They can make lots of honey from it, but it does have a bit of a minty taste. Some folks like it and some don't.


----------



## Hambone (Mar 17, 2008)

Agreed with Gene. My bees are working horse mint really hard right now. I think it is going to be the last of my flow. 

Go grab some horse mint and smell it. Not much smell. Then rub it real good (between index and thumb). Smells like thyme to me. Really strong smell once rubbed. Just an observation.


----------



## summer1052 (Oct 21, 2007)

It's also called Lemon Bergamot, Lemon mint, and so on.

It is NOT a mint -- Mentha.

It IS related to Bee Balm -- Monarda.

Bees love it, and it is fragrant. Flutters love it too, so it must produce some nectar. I don't know that it produces a LOT of nectar. But it is pretty, easy to find, and easy to collect seeds for.

DRUR, you have identified a problem in many places with wildflowers.
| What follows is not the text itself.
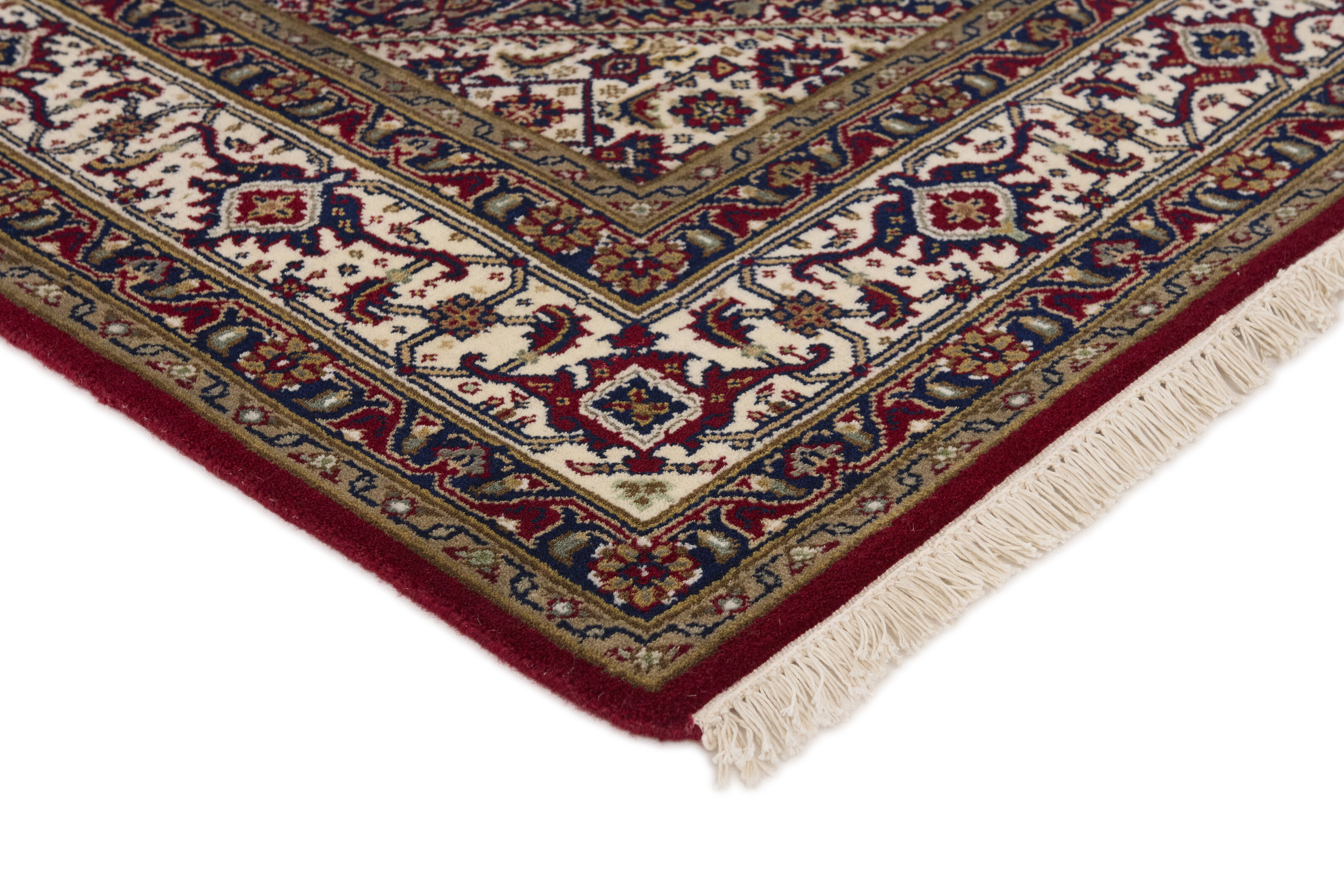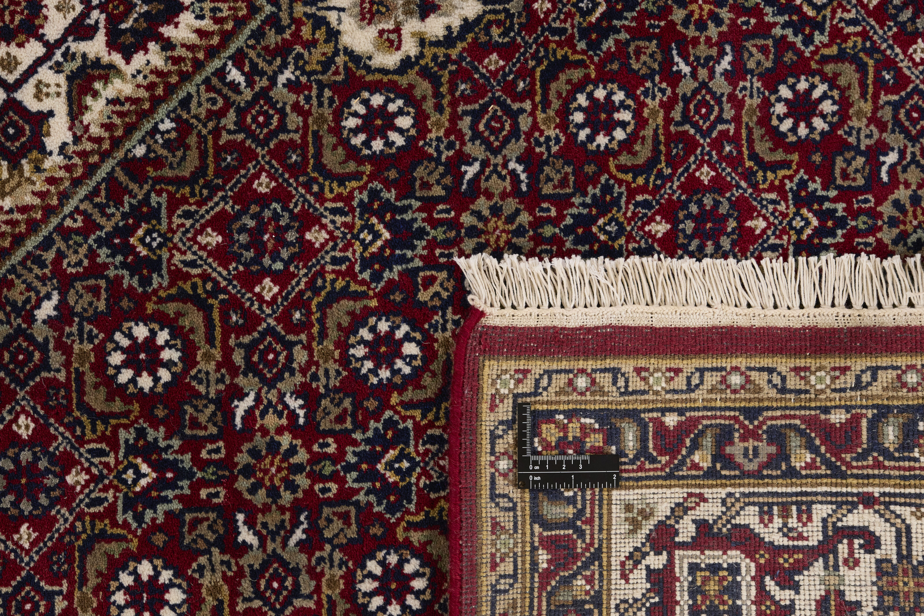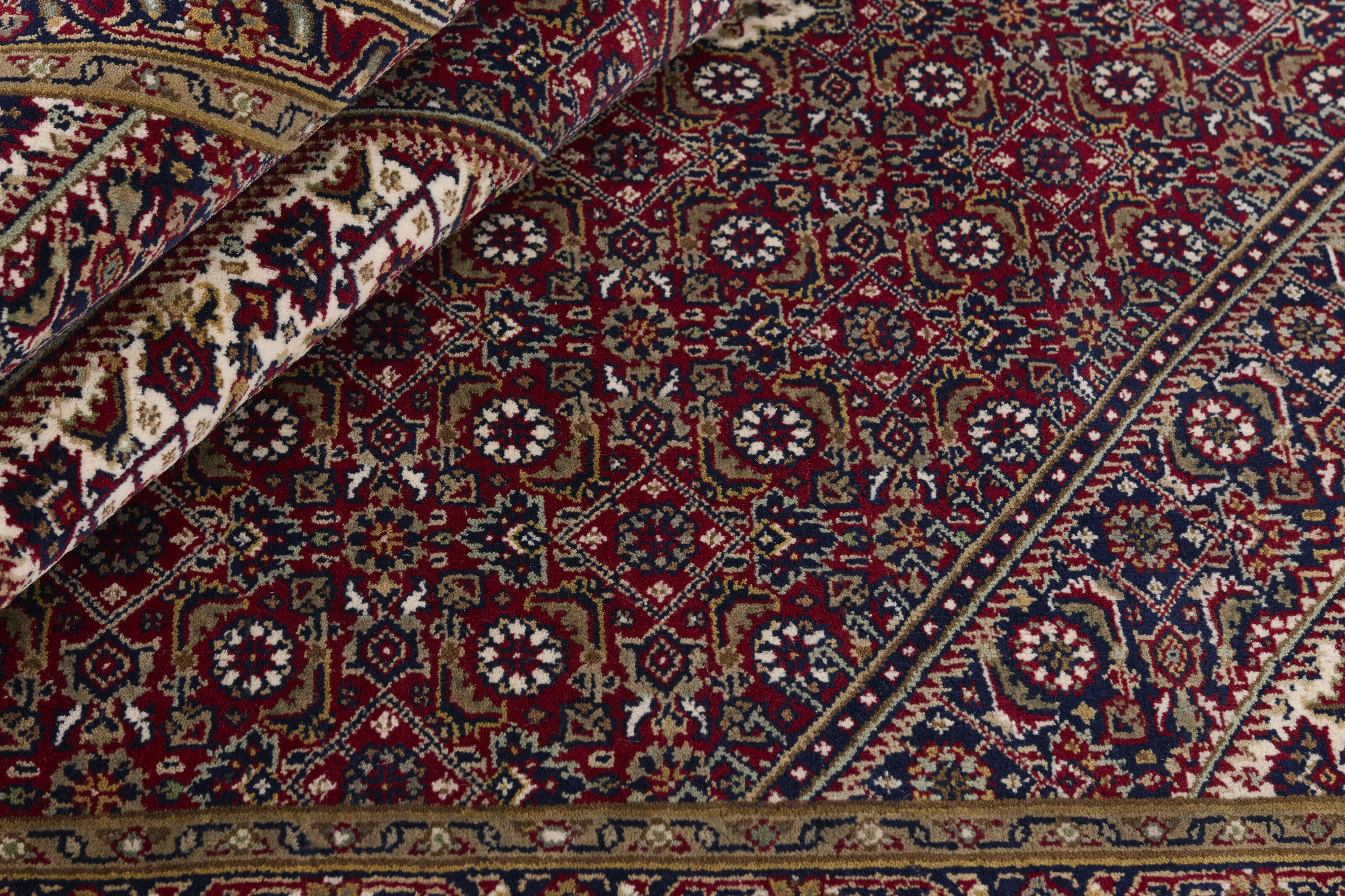 Bidjar Royals are classical hand knotted rugs from India, with designs inspired by the original Persian Bidjar rugs. The colours are red and the patterns are hexagonal, often with a large central medallion surrounded by two other hexagons. The trimmings are decorated with rosettes and flowers. There is some difference in quality between Royals and Indis, but it is not easily observable.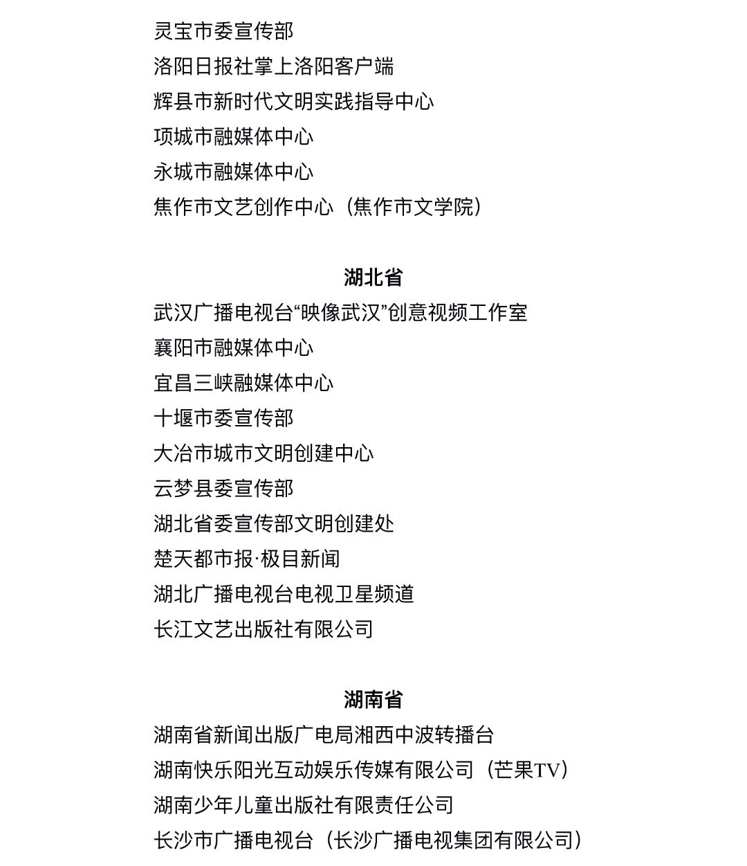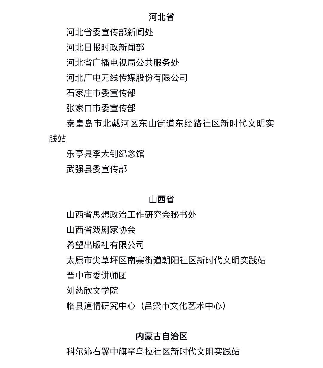 全国宣传系统先进集体拟表彰对象

They're considered to be "weeds", not "forage", or "native flora" or anything useful. If you're planting, they are weeds. If you are planting Tifton, Bahia, etc., they are weeds. And if you are in a heavy Czech/German part of the state, like I am, they are UNTIDY, which is a bigger sin than weedy, even. :doh: 

We planted an acre with a native wildflower mixture. It's pretty, the bees and flutterbies love it, and it is drought tolerant. Four different neighbors have offered to come by and mow it for us -- assuming our mower MUST be broken, otherwise, we would never have let it go like that.  

In my area, the problem is getting some nectar off of it before the County mows the road sides! inch:

Sum


----------



## ChickenChaser (Jun 6, 2009)

Summer,

Is there a particular mixture for that is better for nectar...especially harvestable (edible) honey?

C.C.


----------



## dragonfly (Jun 18, 2002)

I have had it blooming over much of my wildflower field for the past month or so- it's just about finished with the bloom. Interestingly, my bees rarely visit it, although it is reported to be a great bee plant.


----------



## Ross (Apr 30, 2003)

It is my most reliable bloomer, very drought tolerant. I have one jar from a few years ago deep in the multi year drought. It still hasn't crystalized at all. It is dark and has a minty or citrus taste and smell. Most people that have tried it love it. It takes a lot of it to make a crop. I have about 5 acres blooming now.


----------



## summer1052 (Oct 21, 2007)

CC, my concern was not so much nectar producing, as acclimated to the Heii that is a hot Texas summer. Think "native" rather than "producing". Try "southern" mixtures.

SUmmer


----------



## Ross (Apr 30, 2003)

Try Wild Seed Farms. They have well adapted natives.


----------